| Exercise objective |
With the pictures omitted, set down exactly the lines from the one that contains "Bod Christensen BLACK" through the last line of the data.

| Provided material |
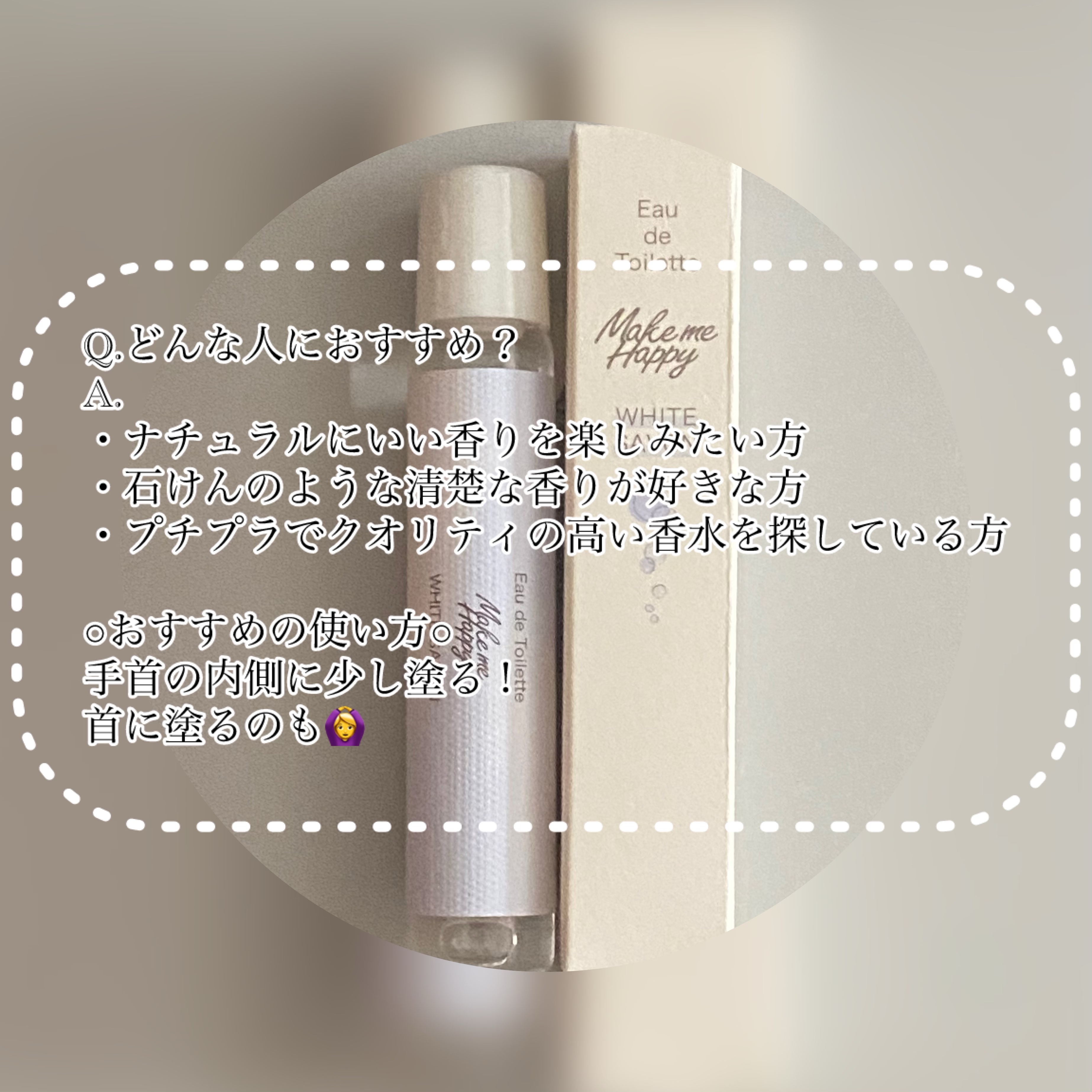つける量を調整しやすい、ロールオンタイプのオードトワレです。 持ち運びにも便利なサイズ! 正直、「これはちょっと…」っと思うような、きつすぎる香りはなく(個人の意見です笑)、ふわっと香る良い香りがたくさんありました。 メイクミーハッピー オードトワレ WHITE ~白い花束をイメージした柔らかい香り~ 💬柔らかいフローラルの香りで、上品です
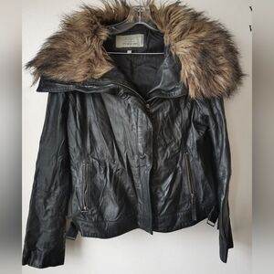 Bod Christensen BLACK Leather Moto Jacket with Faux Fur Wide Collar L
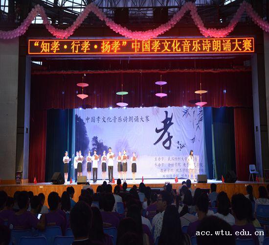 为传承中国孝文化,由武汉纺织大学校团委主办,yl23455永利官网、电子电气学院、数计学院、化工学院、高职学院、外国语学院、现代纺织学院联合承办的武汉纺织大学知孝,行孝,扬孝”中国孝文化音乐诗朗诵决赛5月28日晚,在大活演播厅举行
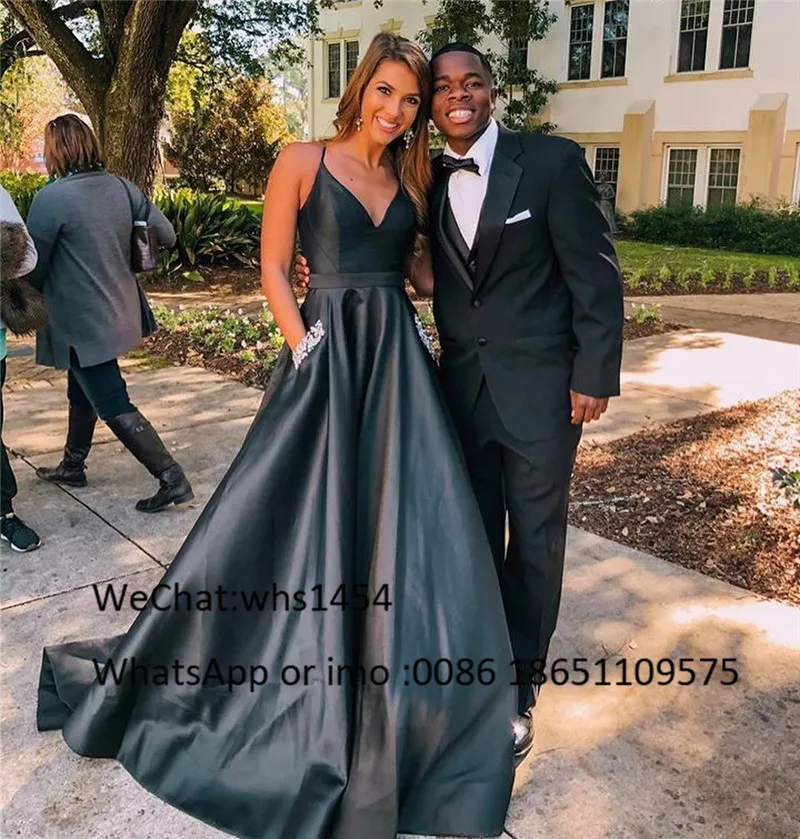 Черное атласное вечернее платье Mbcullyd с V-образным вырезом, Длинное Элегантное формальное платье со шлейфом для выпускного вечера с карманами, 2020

| Output of the task |
 Bod Christensen BLACK Leather Moto Jacket with Faux Fur Wide Collar L
 为传承中国孝文化,由武汉纺织大学校团委主办,yl23455永利官网、电子电气学院、数计学院、化工学院、高职学院、外国语学院、现代纺织学院联合承办的武汉纺织大学知孝,行孝,扬孝”中国孝文化音乐诗朗诵决赛5月28日晚,在大活演播厅举行
 Черное атласное вечернее платье Mbcullyd с V-образным вырезом, Длинное Элегантное формальное платье со шлейфом для выпускного вечера с карманами, 2020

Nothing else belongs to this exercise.